### Extracted records ###

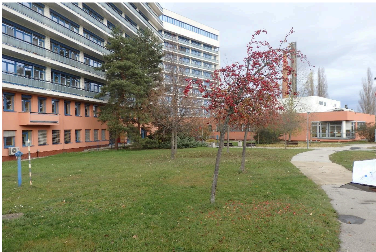
Stávající okrasné jabloně navržené k výměně.
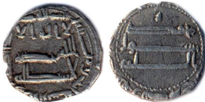
Мал. 3. Сулс, 202 р. х., м. д. Арран

Це зауваження слід врахувати, якщо звернутися до іншого прикладу монети фракційного номіналу та іншого монетного двору. Йдеться про раніше описаний та опублікований автором «сулс» м. д. Арран, 202 р. х. 5 Параметри монети були реконструйовані за методикою автора і встановлені у таких величинах: маса – 0,86 г, розмір у діаметрі – 13,6 мм (Мал. 3).
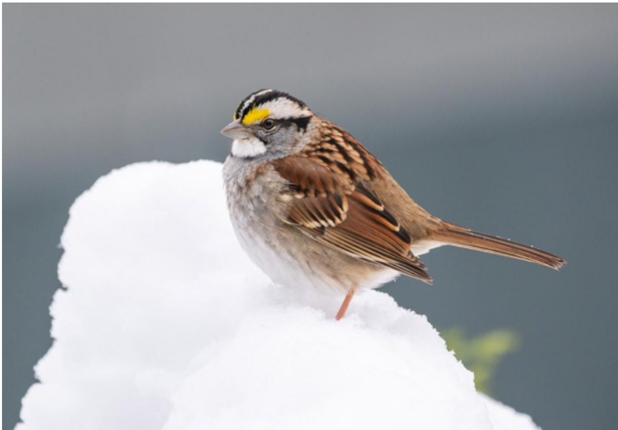
Bruant à gorge blanche

Les oiseaux ont également un système d'échange de chaleur à contre-courant dans leurs pattes et leurs pieds : les vaisseaux sanguins qui vont et viennent des pieds sont très proches les uns des autres, de sorte que le sang qui retourne au corps est réchauffé par le sang qui coule vers les pieds. Le sang fraîchement refroidi qui arrive aux pieds réduit la perte de chaleur, et le sang réchauffé qui retourne dans le corps empêche l'oiseau d'avoir froid. Et comme la circulation sanguine des oiseaux est très rapide, le sang ne reste pas assez longtemps dans les pieds pour geler.
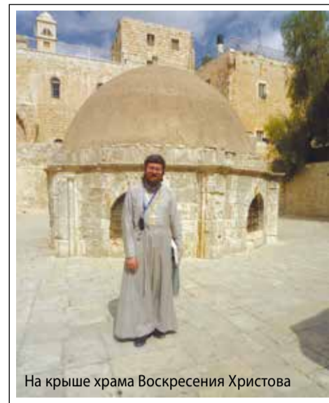
На крыше храма Воскресения Христова

Гробницы других королей эпохи крестоносцев – в Кафоликоне. Именно его алтарь полукругом обходит закрытая обводная галерея, которая идет от придела Адама. Этот алтарь мы видели сверху с Голгофы. Соответственно, вход в Кафоликон – с противоположной стороны, то есть со стороны Кувуклии. Его боковую (южную) стену мы видели за Камнем Помазания – сразу, как вошли в храм. «Кафоликон» – слово греческое, переводится как «соборный храм». Это центральная часть всего храмового комплекса, в ней расположен православный престол. На нем служат утреню в ночь на воскресенье. После этого переходят в Кувуклию для служения Литургии, но причащают затем опять же в Кафоликоне. Когда Господь сподобил нас так причаститься, мы вышли из Кафоликона правой дверью и прошли через галерею в придел Адама. Там в ночь на воскресенье православные греки открывают дверь в следующее свое помещение под Голгофой – реликварий
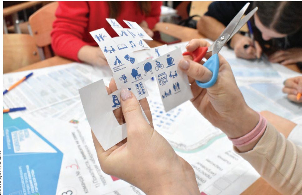
«Так, сейчас пристроим еще один элемент благоустройства!»
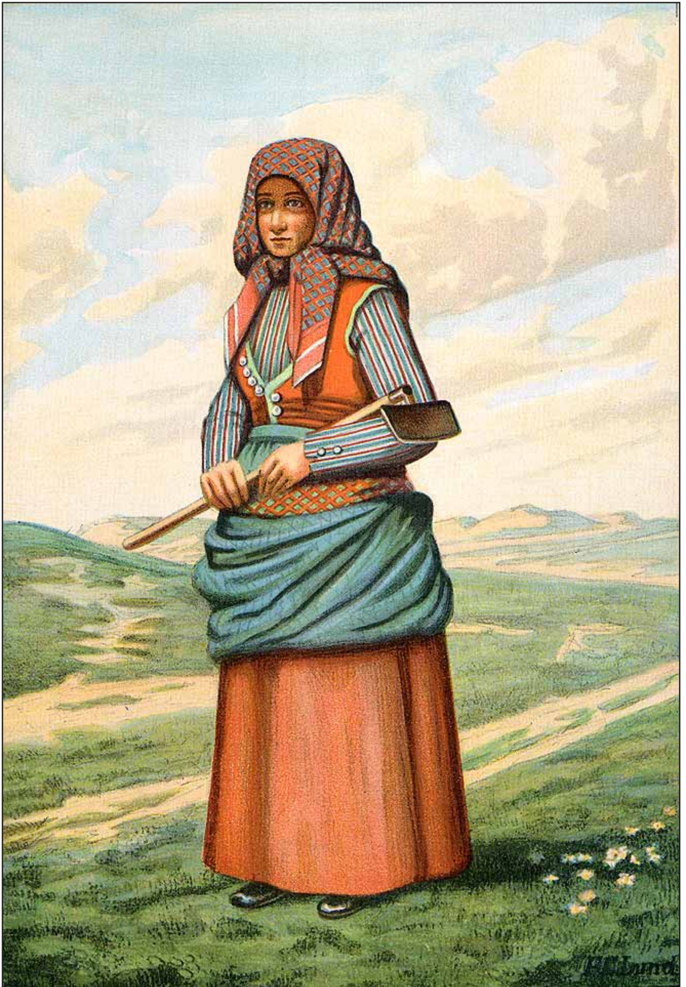
28. En Kone fra Rømø i Arbejdsdragt A married Woman from Rømø in Workingcostume
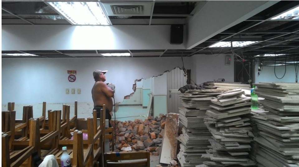
【20160822 拆除 A 區磚牆】
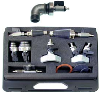
Sort. Gas-Prüfanschl. Nr. 28 856
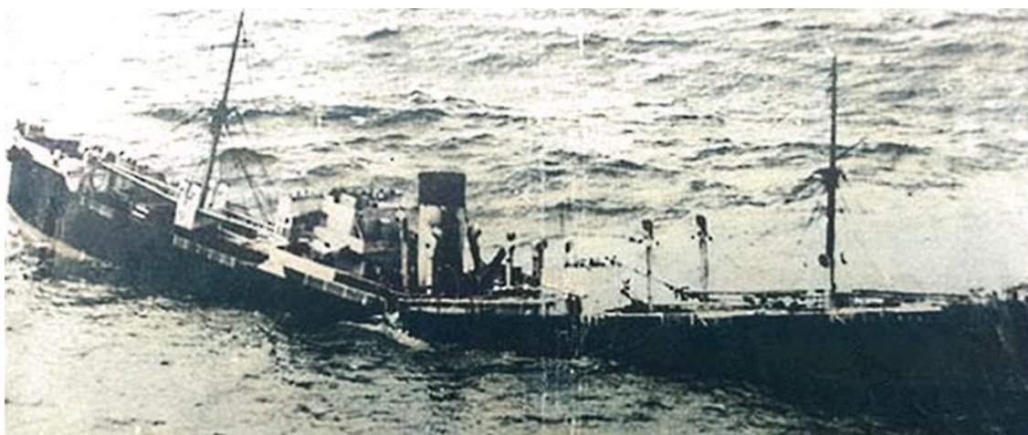
MS "Rio de Janeiro" synker etter torpedering.

Spesielt interessant er det at vi har fått et hittil ukjent bilde av det torpederte skipet til årets utstilling:
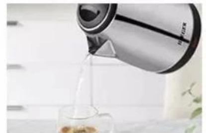
Precise pouring control
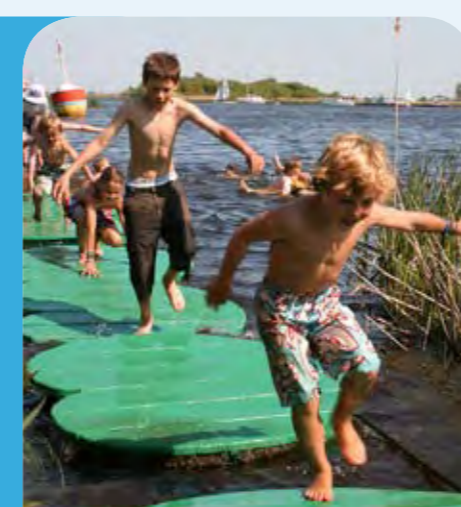
Dolle pret bij Avontureneiland Kameleon Terherne
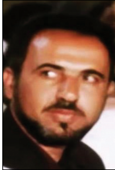
الإرهابي صالح سرية زعيم تنظيم «الفنية العسكرية»
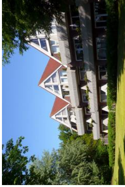
Die Unterkunft befindet sich im 2.OG.

Wohnen Sie abseits des Trubels und der Stadt, und doch so nah. Die Innenstadt erreichen Sie in nur wenigen Gehminuten.
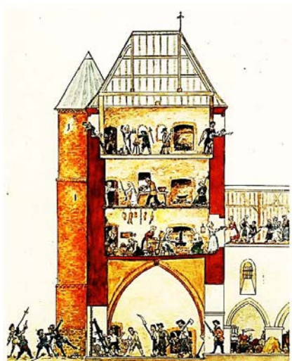
Рис. 5. Церковь Богоматери ( eglise Notre-Dame ) в Вервэн ( Vervins )
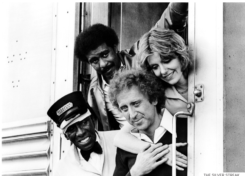
THE SILVER STREAK

R etomamos este mês a “tradição” iniciada em 2020 de apresentar em dezembro uma versão “expandida” da rubrica para oferecer, dentro do espírito da quadra natalícia, uma resposta mais robusta às muitas solicitações dos espectadores da Cinemateca que fomos recebendo ao longo dos 11 meses anteriores. Uma escolha eclética de cinco filmes – três deles absolutamente inéditos nas salas da Rua Barata Salgueiro – programada a partir dos contributos dos nossos espectadores.
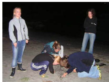
"5 789 568 sandkorn, 5 789 569 sandkorn, 5 789 6.. Fadderullan, nå myssta eg tellingå!"
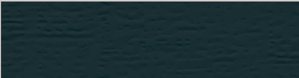
Anthrazitgrau RAL 7016
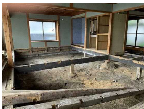
改修予定の空き家(内観)
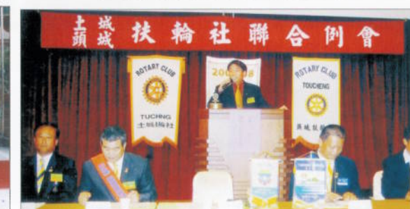
每週有三分鐘扶輪知識講解
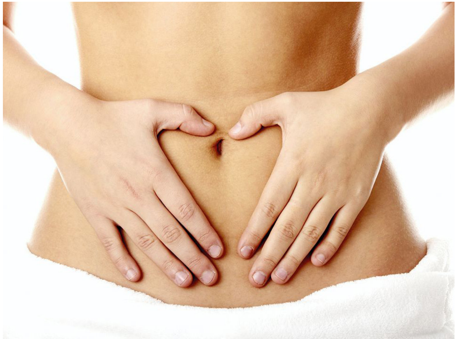
A Endometriose pode ocorrer entre a adolescência e a menopausa, em qualquer idade, mas a faixa dos 30-40 anos é a mais comum

É uma doença com impacto negativo em diversos aspectos da vida da mulher, inclusive na função sexual - Os principais sintomas da endometriose são representados por dor e infertilidade, relacionam-se diretamente com prejuízos na atividade sexual, mas aspectos específicos da
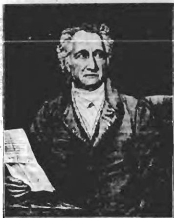
GOETHE (velho) — Quadro de Stieler

O mundo civilizado comemora este anno o centenario da morte de Goethe, maior poeta alemão e um dos genios mais completos que a humanidade tem produzido. A individualidade de escôlo do grande herôde da poesia, universalmente conhecida e admirada, é uma radiante gloria para a culta Alemanha. A vida de Goethe, que, toda ella, revela uma existência absolutamente normal e inteiramente sadia, abrangendo todas as espheras de actividade intellectual, representa o symbolo da perfeição da cultura da raça germanica. A sua carreira é a imagem de um desenvolvimento continuo e harmonico. Como poeta, politico e sabão, abraçou todo o conjunto de conhecimentos e interesses humanos. O seu genio manifesta-se na naturalidade, na formação interna de todas as actividades, na verdade sem restricções, no cumprimento fiel do dever, na força de vontade e virtude de renunciar e, finalmente, na habilidade de viver e é inabalável, pura e elevada na vida e o seu poder divino. E' o poeta da realidade, sensato e opportunista, isento de desejos ficticios ou sophismas.
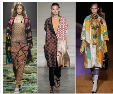
PHOTO : De gauche à droite : Loewe, Junya Watanabe, Dries Van Noten
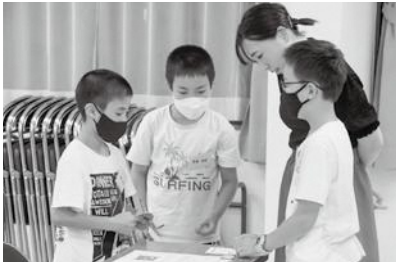
▲ 友達にインタビュー
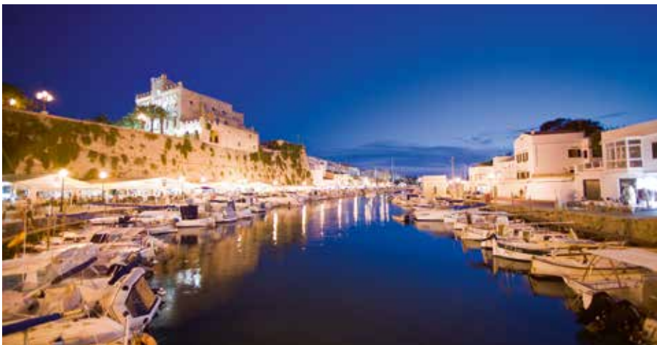
Die Baleareninsel Menorca wird ab Mai von SkyWork Airlines zweimal wöchentlich von Bern aus angefliegen.

Le salon des vacances 2017 a attiré environ 38 000 visiteurs. 300 présentations par des experts de l'industrie du voyage et de nombreux stands, y compris bien sûr ceux de l'aéroport de Berne, ont assuré des salles complètes sur les terrains BERNEXPO. Encore une fois l'aéroport de Berne était visible de loin, grâce au grand cube de lumière. Pendant quatre jours beaucoup de gens ont visité le stand pour s'informer sur les nouvelles de l'aéroport ou même pour faire des réservations. Les départs depuis Berne sont en forte demande, les brochures et les dépliants ont été distribués aux visiteurs, parmi eux une brochure avec toutes les destinations depuis Berne. Un calendrier de bureau et des autocollants avec une empreinte spéciale étaient très populaire.
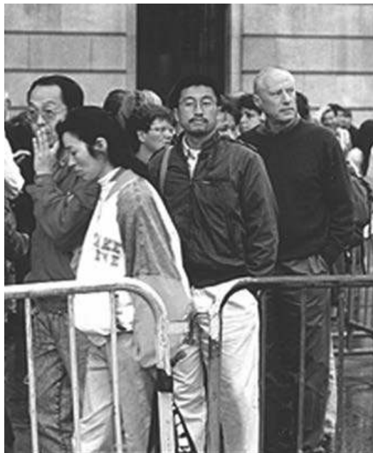
Abbildung 2: Datum 2a

Das ist sehr unpräzise. Wohin gehen diese Blicke? Sie schauen nicht auf den gleichen Punkt. Und das vordere, asiatisch aussehende Paar scheint mit sich selbst beschäftigt. Er, die linke Handfläche an Kinn und Mund, sie eher gesenkten Blicks in Zuhörerhaltung. Gleich darauf folgt ein anderer Mann, mit Brille und Bart. Wo schaut er hin? Dahinter steht ein großer Mann mit hoher Stirn und nur noch wenig Haaren. Blickt er verträumt in die Ferne, wie eine Betrachterin es formuliert? Beide haben eine Hand – soweit man sieht – in der Tasche vergraben. Auch hinter dem asiatischen Paar, halb verdeckt, sieht man eine Frau, die ihren Blick irgendwohin wendet. Keine der drei identifizierbaren Personen schaut in dieselbe Richtung.
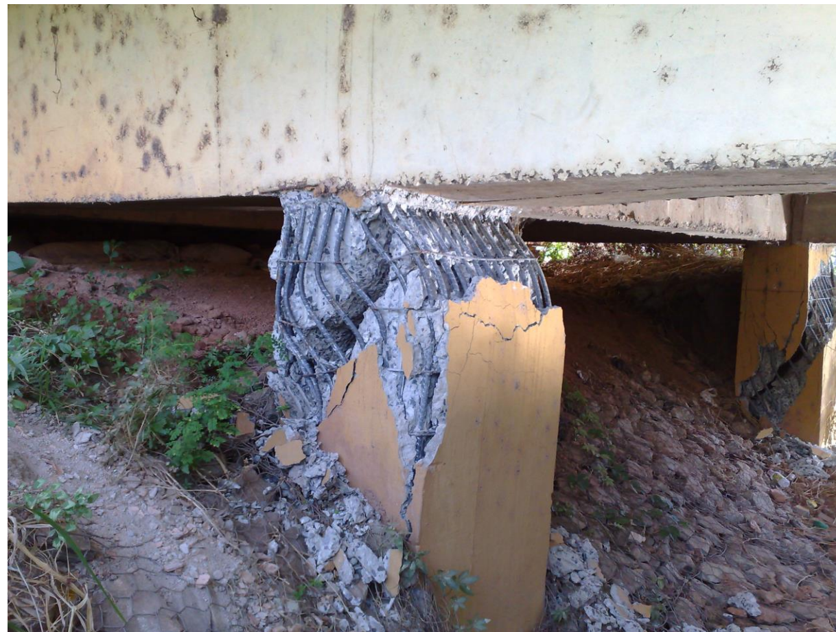
IX Webinar Ibape – Clémenceau Chiabi
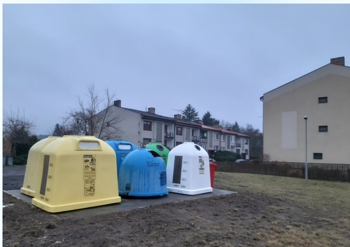
Nové stanoviště je jenom o pár desítek metrů výš.
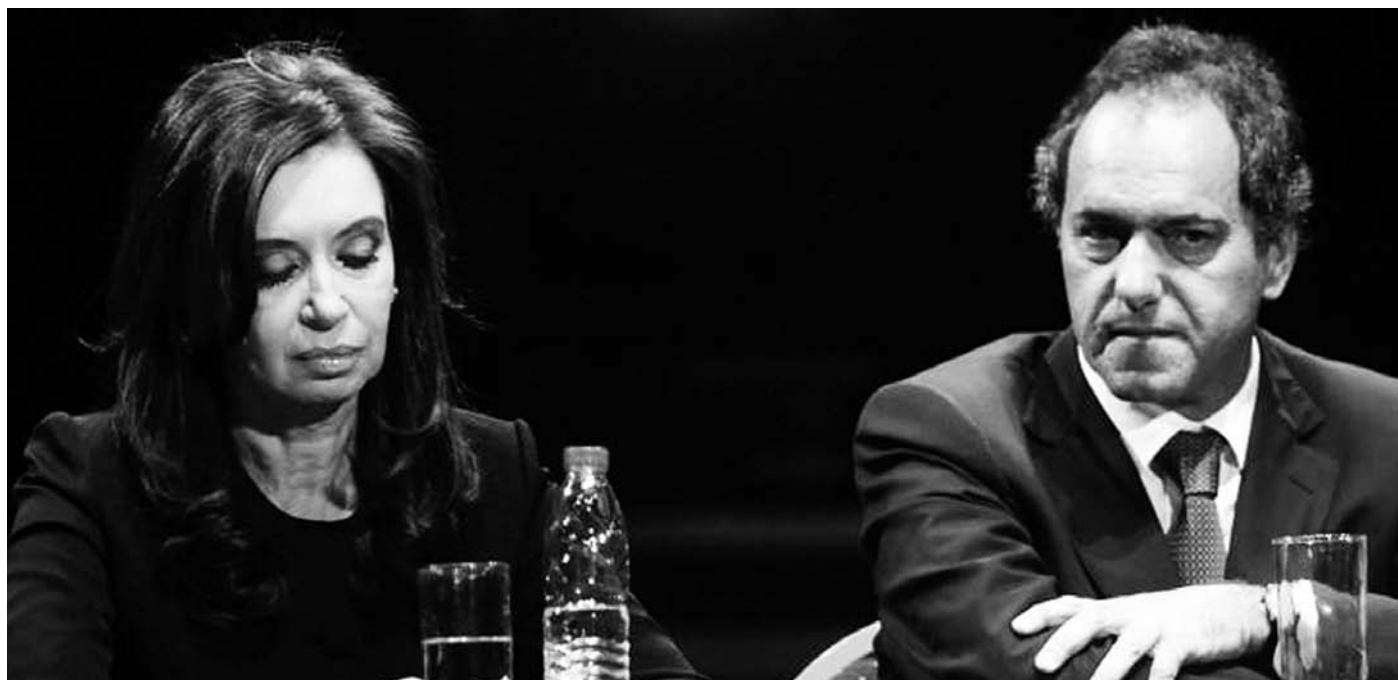
Cristina Kirchner y Daniel Scioli, otro derrotado en las Paso. La crisis política del momento se caracteriza por el descontento de todas las clases sociales.

La semana que siguió a las elecciones se caracterizó por las posiciones de ruptura de las patronales con el gobierno y también por las declaraciones encontradas de los K (ver "Adónde va el kirchnerismo"). En ese marco, las denuncias de Lanata acerca de una extraña estadía de CFK en el paraíso fiscal de Seychelles, en enero de este año, sirvió para abroquelar a la nube K -que es precisamente lo que buscan los 'opositores' para asestar un golpe definitivo al oficialismo en las elecciones de octubre. No se entiende, sin embargo, que los K se sigan desgarrando las vestiduras en favor de una imposible 'honestidad' K, luego de los años que han pasado sin que los Kirchner digan qué ocurrió con los fondos de la privatización de YPF, en 1992/94, de más de mil millones de dólares. El oficialismo tampoco desmiente la red de empresas truchas de sus secuaces que se alojan en los paraísos fiscales. La disputa gira apenas en torno al tiempo que duró la permanencia de la Presidenta en las islas Seychelles. Por último, el al-
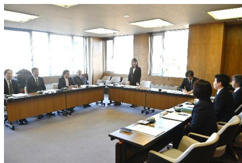
松本市での行政視察の様子

市内の地域コミュニティとして、小中学校区より多い行政区35地区において、地域づくりセンターを設置。同センターでは、公民館、支所・出張所、福祉ひろばがセットになっています。この地域づくりシステムには、各種団体、町会、行政、NPO、大学、企業が連携しているほか、地域包括ケアシステムにも取り組んでいます。
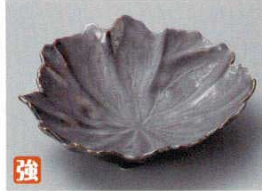
059-02-545 2,650円 金結晶木の葉向付 (17.5×16.5×5.7cm)
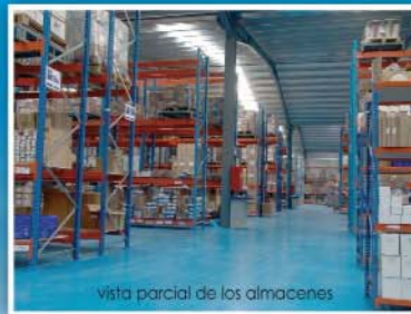
vista parcial de los almacenes
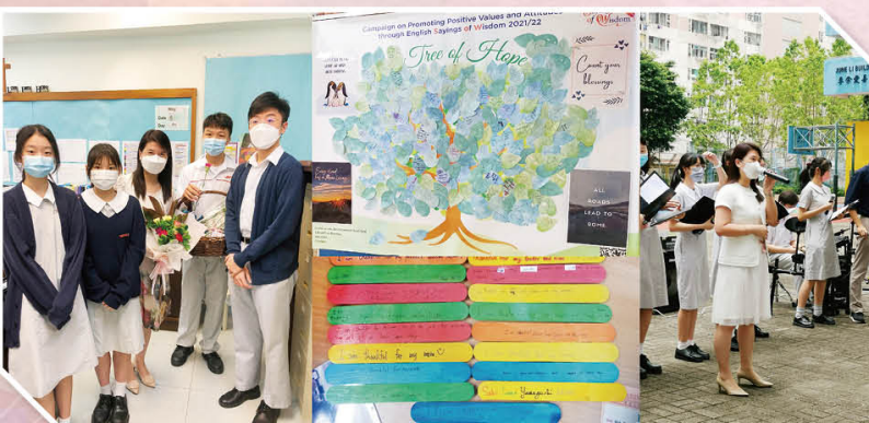
校園洋溢關懷與鼓勵
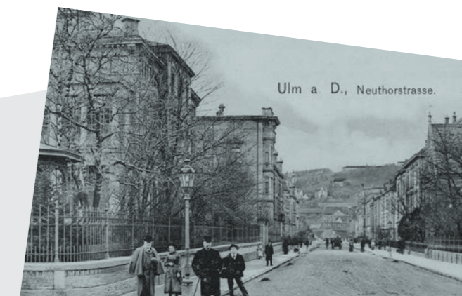
Ulm a. D., Neuthorstrasse.

Mit dem »Gesetz über Mietverhältnisse mit Juden« vom 30. April 1929 wurde der Mieterschutz für Juden aufgehoben. Damit wurde in Ulm die Ghettoisierung der Juden mittels Zwangsumsiedlung in sechs »Judenhäuser« eingeleitet.
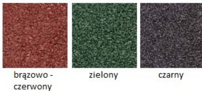
Zał. 3. Dostępna kolorystyka
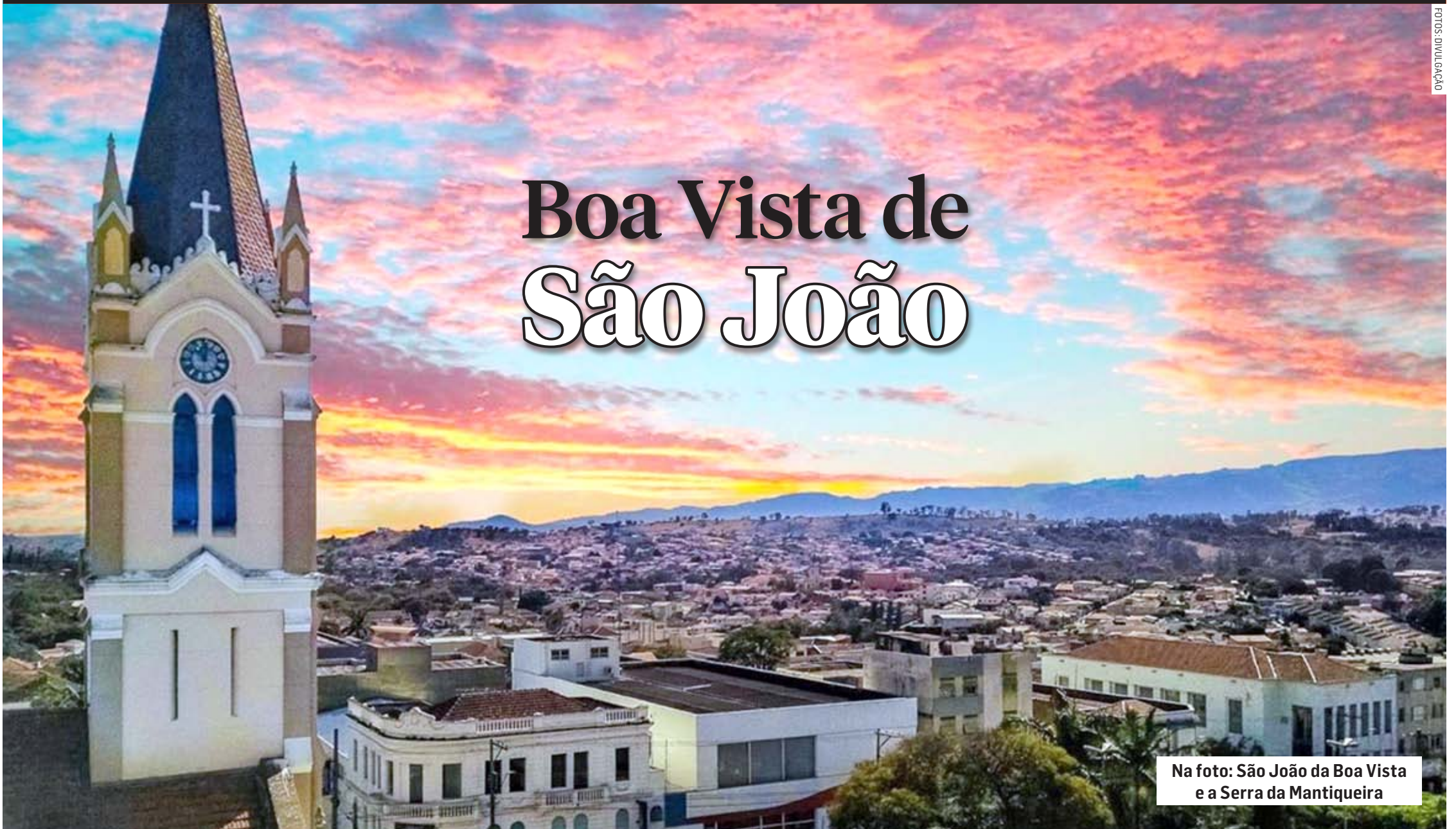
Na foto: São João da Boa Vista e a Serra da Mantiqueira

Para se distinguir de outras cidades com nome semelhante, foram buscar algo que condiz com a ci-

###

→ Work to complete
Copy exactly the part of the material above that opens with the line containing "A Endometriose pode" and closes with the line containing "GOETHE (velho) — Quadro de Stieler", ends included. Drop the images.

→ Exercise result
A Endometriose pode ocorrer entre a adolescência e a menopausa, em qualquer idade, mas a faixa dos 30-40 anos é a mais comum

É uma doença com impacto negativo em diversos aspectos da vida da mulher, inclusive na função sexual - Os principais sintomas da endometriose são representados por dor e infertilidade, relacionam-se diretamente com prejuízos na atividade sexual, mas aspectos específicos da
GOETHE (velho) — Quadro de Stieler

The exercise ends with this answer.